Department of Anaesthesiology, All India Institute of Medical Sciences, Bathinda, Punjab, India.
Department of Community and Family Medicine, All India Institute of Medical Sciences, Bathinda, Punjab, India.
BMC Palliat Care. 2024 Oct 9;23(1):240. doi: 10.1186/s12904-024-01572-7.
This paper aimed to explore the palliative care (PC) needs and barriers to access among cancer patients in a rural region of North India with a high cancer burden.
A Participatory action research (PAR) approach was employed. Situational assessment, community sensitization workshops (CSWs) and door-to-door surveys were planned, conducted and developed over three PAR cycles. A parallel convergent mixed-methods approach was adopted wherein the quantitative data from door-to-door surveys and qualitative data from CSWs and investigator field notes were collected and analyzed to provide a comprehensive understanding of PC needs and barriers to access. Descriptive statistics and thematic analysis were used.
A total of 27 CSWs involving 526 stakeholders were conducted. A total of 256 cancer patients were assessed for PC needs and symptom burden using the Supportive and Palliative Care Indicators (SPICT-4ALL) and the Edmonton Symptom Assessment System (ESAS) tool, respectively. Based on the SPICT assessment, all patients (n = 256) satisfied general and/or cancer-specific indicators for PC. The majority (56.6%) had ≥ one moderate-severe symptom, with the most common symptoms being tiredness, pain and loss of appetite. Analysis of qualitative findings generated three themes: unmet needs, burden of caregiving, and barriers and challenges.
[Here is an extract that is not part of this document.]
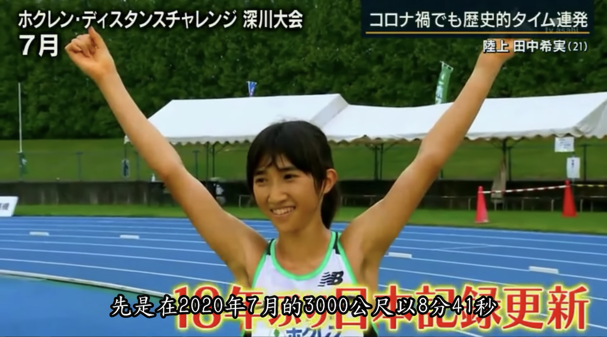 田中希實在 2020 年 7 月的 3000 公尺以 8 分 41 秒刷新了日本名將 福士加代子 保持了 18 年的日本紀錄

Cancer affected all domains of patients' and their families' lives, contributing to biopsychosocial suffering. Social stigma, discrimination, sympathizing attitudes and lack of emotional and material support contributed to psychosocial suffering among cancer patients and their caregivers. Lack of awareness, nearby healthcare facilities, transportation, essential medicines, trained manpower and education in PC, collusion, fear of social discrimination, faulty perceptions and misconceptions about cancer made access to PC difficult.
The study emphasize the need for and provide a roadmap for developing context-specific and culturally appropriate CBPC services to address the identified challenges and needs. The findings point towards education of CHWs in PC; improving community awareness about cancer, PC, government support schemes; ensuring an uninterrupted supply of essential medicines; and developing active linkages within the community and with NGOs to address the financial, transportation, educational, vocational and other social needs as some of the strategies to ensure holistic CBPC services.
Clinical Trial Registry of India (CTRI/2023/04/051357).
本研究旨在探讨印度北部一个癌症负担高的农村地区癌症患者的姑息治疗(PC)需求和获得途径的障碍。
采用参与式行动研究(PAR)方法。计划、进行和开发了情景评估、社区宣传研讨会(CSW)和逐户调查三个 PAR 周期。采用平行收敛混合方法,收集和分析逐户调查的定量数据以及 CSW 和调查员实地记录的定性数据,以全面了解 PC 的需求和获得途径的障碍。采用描述性统计和主题分析。
共进行了 27 次 CSW,涉及 526 名利益相关者。使用支持性和姑息治疗指标(SPICT-4ALL)和埃德蒙顿症状评估系统(ESAS)工具分别对 256 名癌症患者进行 PC 需求和症状负担评估。根据 SPICT 评估,所有患者(n=256)均满足一般和/或癌症特异性 PC 指标。大多数患者(56.6%)有≥1 种中重度症状,最常见的症状是疲倦、疼痛和食欲不振。定性分析结果生成了三个主题:未满足的需求、照顾负担和障碍与挑战。癌症影响了患者及其家属生活的各个领域,导致了身心社会痛苦。社会耻辱、歧视、同情态度以及缺乏情感和物质支持,导致了癌症患者及其照顾者的心理社会痛苦。对 PC 的认识不足、附近的医疗保健设施、交通、基本药物、受过培训的人力以及 PC 教育、勾结、对社会歧视的恐惧、对癌症的错误看法和误解,使得获得 PC 变得困难。
该研究强调了需要制定特定于背景和文化的综合姑息治疗服务,并提供了路线图,以解决已确定的挑战和需求。研究结果指出,需要对社区卫生工作者进行姑息治疗教育;提高社区对癌症、姑息治疗、政府支持计划的认识;确保基本药物的不间断供应;并在社区内部以及与非政府组织建立积极的联系,以满足财务、交通、教育、职业和其他社会需求,作为确保综合姑息治疗服务的一些策略。
印度临床试验注册处(CTRI/2023/04/051357)。